● INFORMATION PROVIDED
=== Begin Enclosure ===

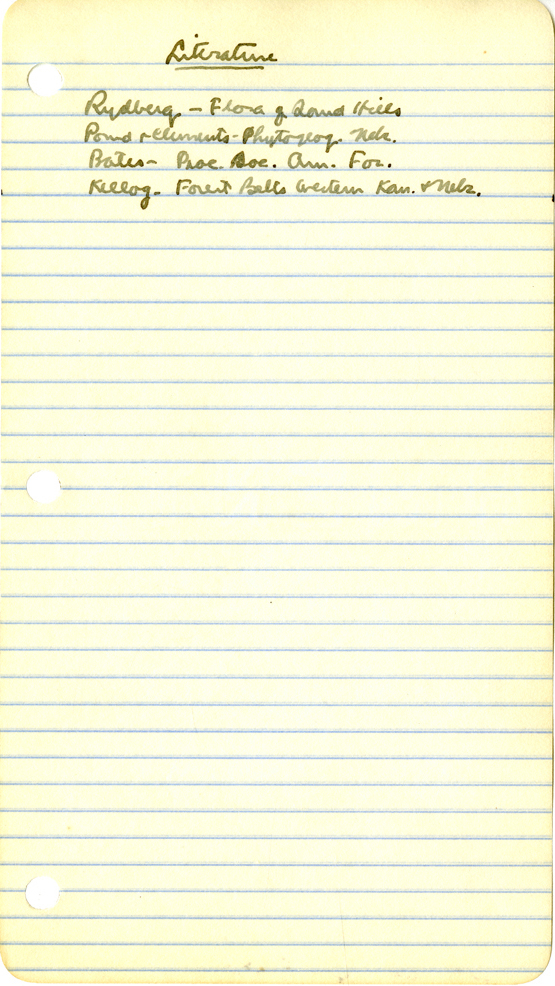 121 " Literature Rydberg - Flora of Sand Hills Pond elements - Phytogeog. Nebr. Bates - Psoe. Soc. Am. For. Kellog - Forest Belts between Kan. & Nebr.
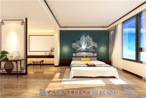 客廳的布局采用的是新中式沙發,以江南綠柳湖水繞人家的局部畫面為電視背景墻簡潔大方,客廳電視柜則采用的是現代懸空式設計,紅木設計與客廳紅木沙發相呼應,整體協調而統一。新中式花型吊燈更為客廳的設計添光加色。
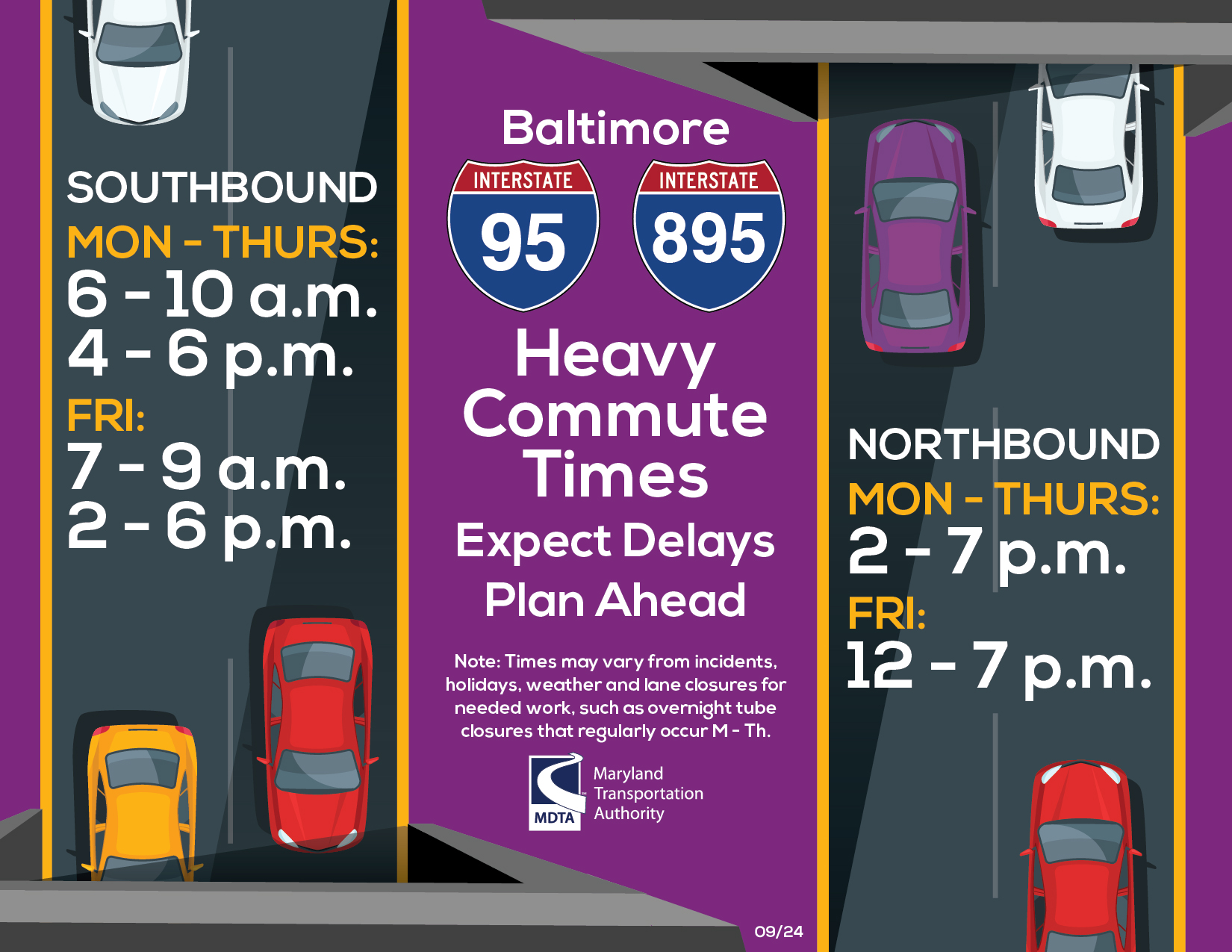 www.mdta.maryland.gov/harborcrossings brings together commuting resources and transportation options to help drivers plan ahead. Since the collapse of the bridge in March, Baltimore-area drivers now experience longer commute times and extended rush-hour periods. The web page includes an infographic showing current heavy commute times when drivers should expect delays for I-95 Fort McHenry Tunnel and I-895 Baltimore Harbor Tunnel. Consider ridesharing or public transportation, and when possible avoid driving during heavy commute times.

=== End Enclosure ===

● WHAT IS EXPECTED
Reproduce the material exactly; keep pictures out.

● SOLUTION TO THE PROBLEM
 121 " Literature Rydberg - Flora of Sand Hills Pond elements - Phytogeog. Nebr. Bates - Psoe. Soc. Am. For. Kellog - Forest Belts between Kan. & Nebr.
 客廳的布局采用的是新中式沙發,以江南綠柳湖水繞人家的局部畫面為電視背景墻簡潔大方,客廳電視柜則采用的是現代懸空式設計,紅木設計與客廳紅木沙發相呼應,整體協調而統一。新中式花型吊燈更為客廳的設計添光加色。
 www.mdta.maryland.gov/harborcrossings brings together commuting resources and transportation options to help drivers plan ahead. Since the collapse of the bridge in March, Baltimore-area drivers now experience longer commute times and extended rush-hour periods. The web page includes an infographic showing current heavy commute times when drivers should expect delays for I-95 Fort McHenry Tunnel and I-895 Baltimore Harbor Tunnel. Consider ridesharing or public transportation, and when possible avoid driving during heavy commute times.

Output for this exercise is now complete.